DECISION AND JUDGMENT ENTRY
{¶ 1} Relator Lonny Lee Bristow filed a Petition for Writ of Mandamus in this court seeking a writ ordering Terry Collins, whom relator names as the Deputy Director of Institutions, and William Eleby, whom relator names as the Chief of the Bureau of Classification and Reception, not to send relator to a level three correctional institution. Relator claims that, if respondents did so, they would violate certain policies of the Ohio Department of Rehabilitation and Correction. The petition alleges: "The possibility exists that Collins and Eleby will try and send Bristow as level 4, to a level 3 institution (to C.I.) which is in direct violation of a mandatory state law (D.R.C. policy)."
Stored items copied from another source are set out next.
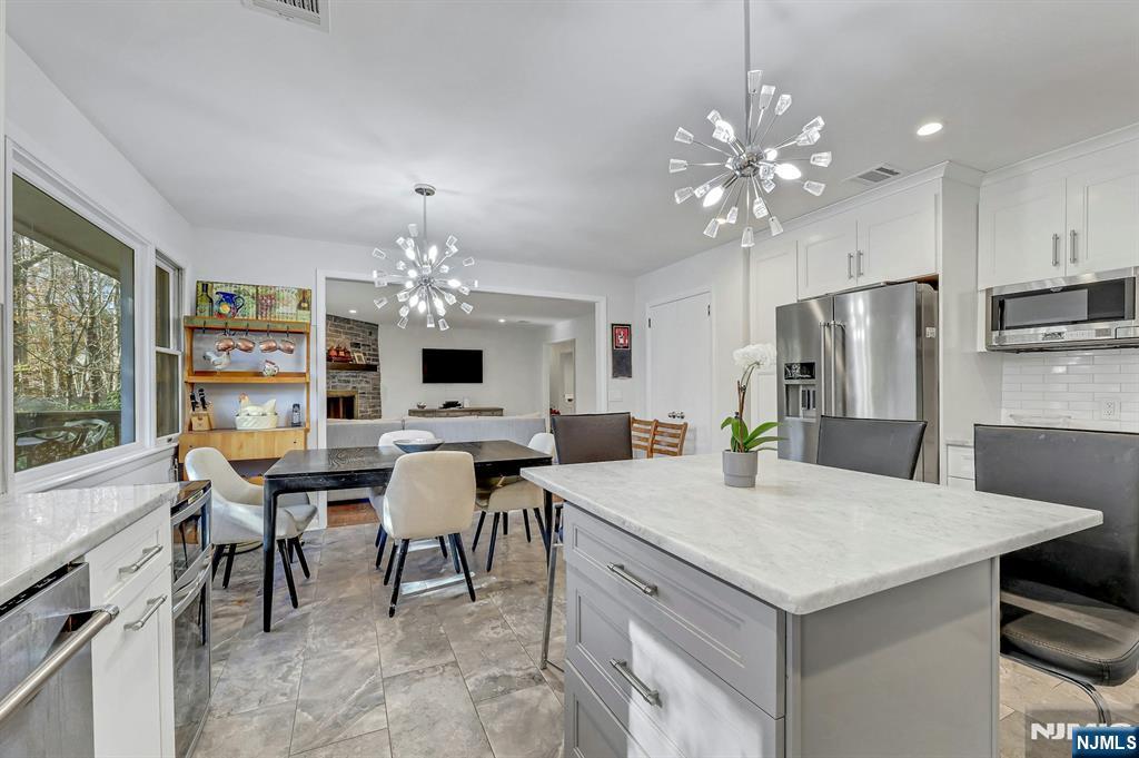 Beautifully renovated, expansive Ranch offering over 2,400 square feet of sun-filled living on one level. This home features an open-concept kitchen and family room, hardwood floors throughout the main living areas, and generous formal living and dining rooms that create an ideal flow for everyday living and entertaining. The chef’s kitchen boasts a 6-burner Viking range, center island, white shaker cabinetry, and granite countertops, opening to a spacious family room with stone fireplace and sliders to a large deck overlooking a private, wooded backyard. Four bedrooms include a serene primary suite with renovated en-suite bath. Convenient main-level laundry. Full unfinished basement with wood stove and direct access to a two-car garage offers endless potential. Ideally located across from protected woodlands for privacy, yet close to shops, dining, and major highways including GSP and Palisades Parkway. NOTE: House has well water, not municipal water.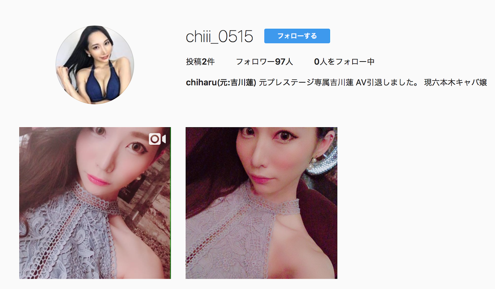為什麼?吉川蓮已經告訴我們答案了,在文章後,她留了一個Instagram的帳號,你只要點過去就可以看到改名為chiharu的她不但把職稱改為「元プレステージ専属」(前Prestige專屬女優),也告訴大家她現在是在六本木做「キャバ嬢」(陪酒妹),應該是想學長谷川るい(長谷川留衣)用社群網站為自己促銷: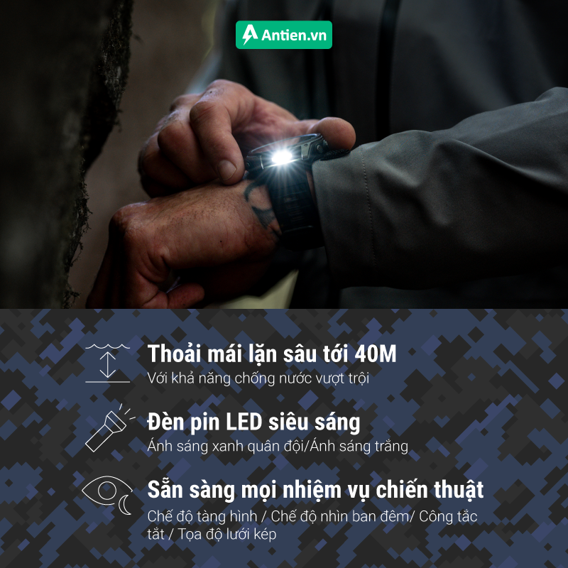 - Chế độ tàng hình (Stealth Mode): Khi kích hoạt, đồng hồ sẽ ngăn chặn rò rỉ thông tin vị trí và bảo vệ dữ liệu nhạy cảm, giúp người dùng ẩn mình hoàn toàn trong môi trường tác chiến.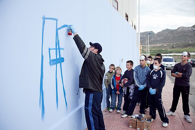 Este viernes los alumnos y alumnas del ‘Taller de Grafiti’, enmarcado en la programación ‘Mazajoven 2010’, han iniciado el diseño de la parte inferior de la fachada del Pabellón de Deportes de La Cañadica de Mazarrón.
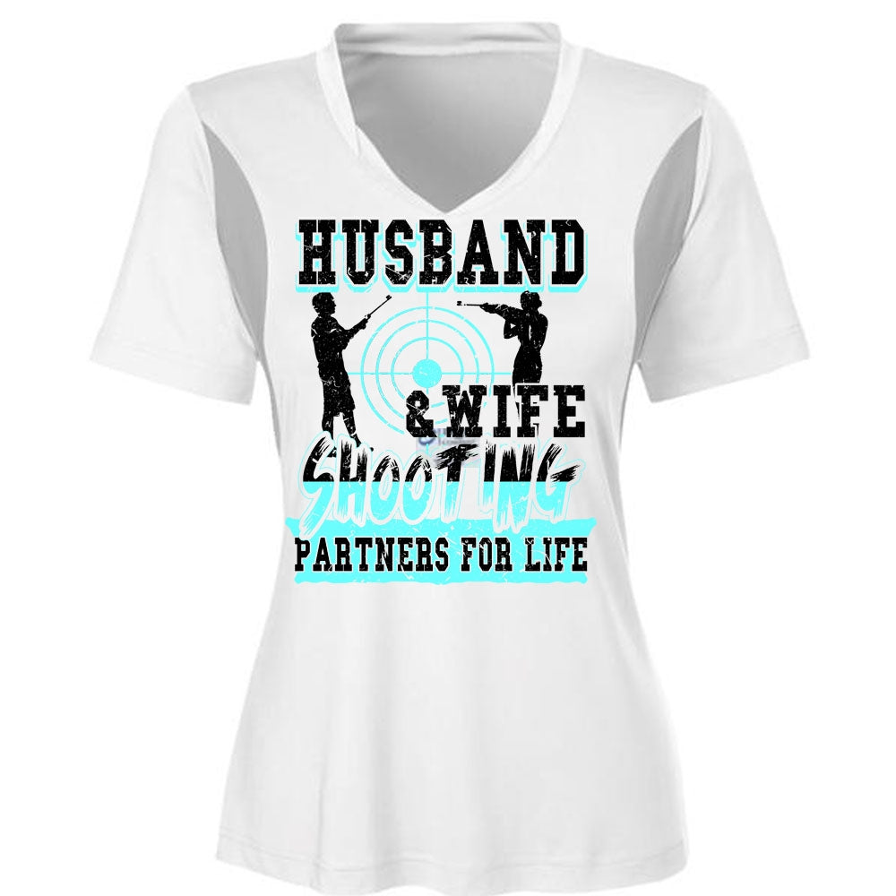 Husband And Wife Shooting Partners For Life T Shirt, Being A Shooting T Shirt, Cool Shirt (Ladies LS Heather V-Neck)
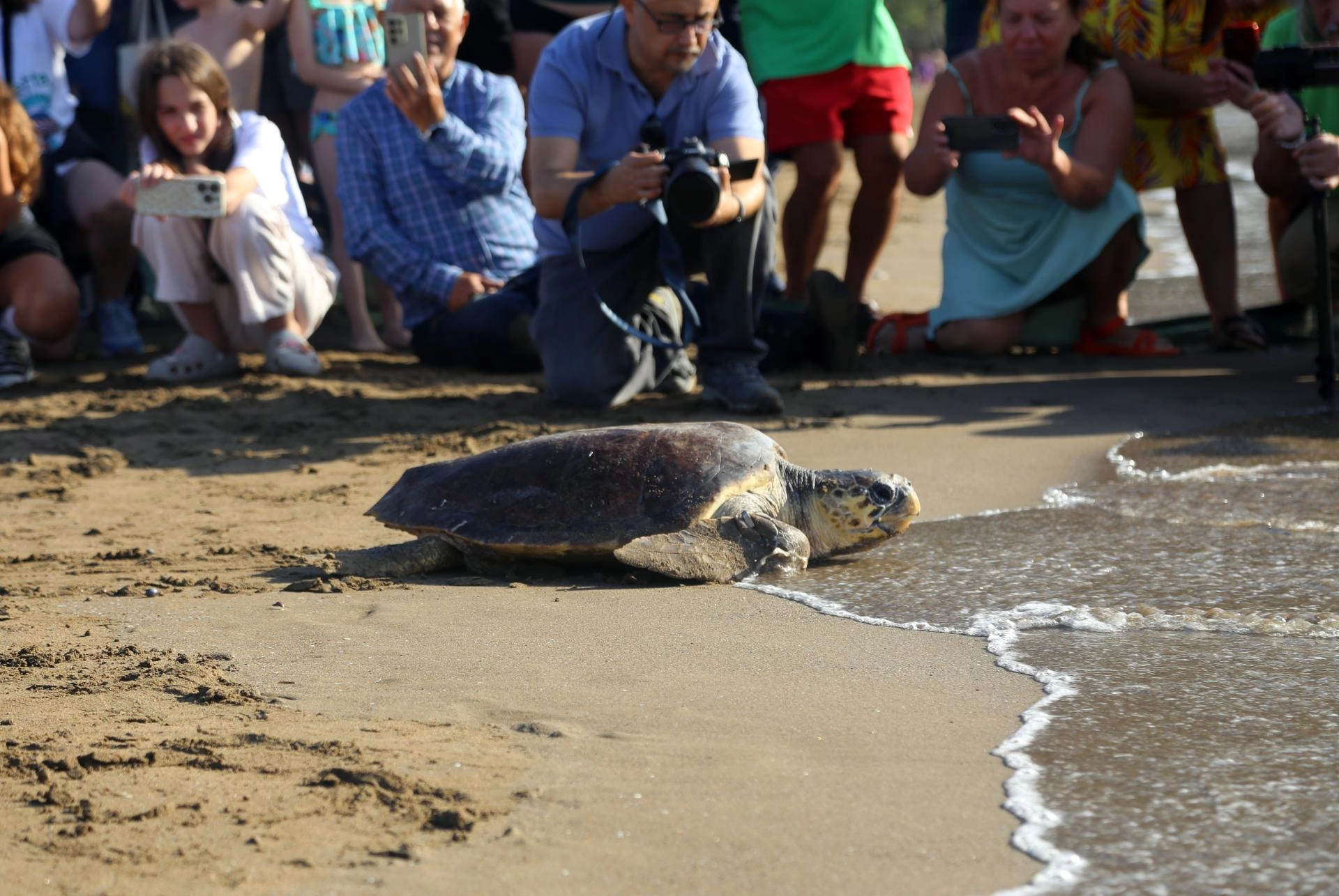 İyileşen deniz kaplumbağalarının doğal ortamına bırakılması için İztuzu Plajı'nda tören düzenlendi.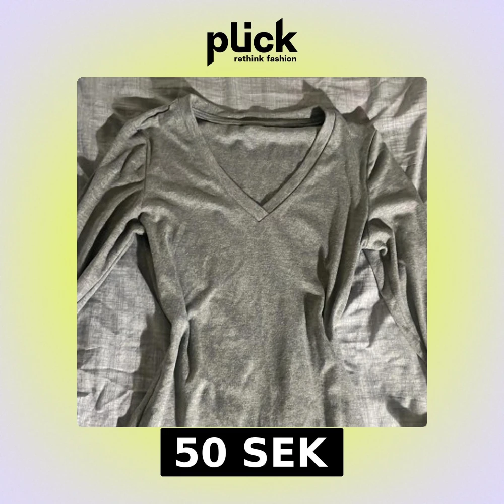 Säljer en enkel och stilren grå långärmad tröja med v-ringad hals. Perfekt basplagg som funkar till det mesta och är riktigt skön att ha på sig. Passar dig som gillar en clean och avslappnad stil.

{¶ 2} The Ohio Supreme Court has discussed the distinction between a petition for writ of mandamus and a decree of injunction. According to the court, a writ of mandamus "compels action or commands the performance of a duty, while a decree of injunction ordinarily restrains or forbids the performance of a specific act." State, ex rel. Smith v. Indus. Commn. Of Ohio (1942), 139 Ohio St. 303, paragraph two of the syllabus. The court of appeals, by virtue of Section 3(B)(1), Article IV, Ohio Constitution, and the Ohio Supreme Court, by virtue of Section2(B)(1), Article IV, Ohio Constitution, have original jurisdiction in quo warranto, mandamus, habeas corpus, prohibition, and procedendo, but not in injunction. See, also,State ex rel. Pressley (1967), 11 Ohio St.2d 141, paragraph four of the syllabus (neither the Ohio Supreme Court nor the Ohio Courts of Appeal have original jurisdiction in injunction).

{¶ 3} In this case, relator is seeking to prohibit respondents from doing a certain act. Therefore, he seeks relief in the nature of an injunction, not in the nature of mandamus. Since we do not have original jurisdiction in injunction, relator's petition must be dismissed. In addition, 6th Dis.Loc.App.R. 7(A) provides that, when an inmate files an affidavit attesting to his inability to pay costs, the inmate must attach a certificate from an appropriate officer in the institution in which he is incarcerated setting forth the amount of funds the inmate has available to him. See, also, R.C.2969.25(C). Here, relator did not attach such a certificate, and his petition is subject to dismissal on those grounds as well. Finally, appellant's petition is insufficient because it is not accompanied by an affidavit describing any civil lawsuits or civil appeals he has filed in state or federal court in the last five years. See R.C. 2969.25(A). His petition is also subject to dismissal on these grounds. See State ex rel. Kimbo v. Glavas,97 Ohio St.3d 197, 2002-Ohio-5808, at ¶ 3.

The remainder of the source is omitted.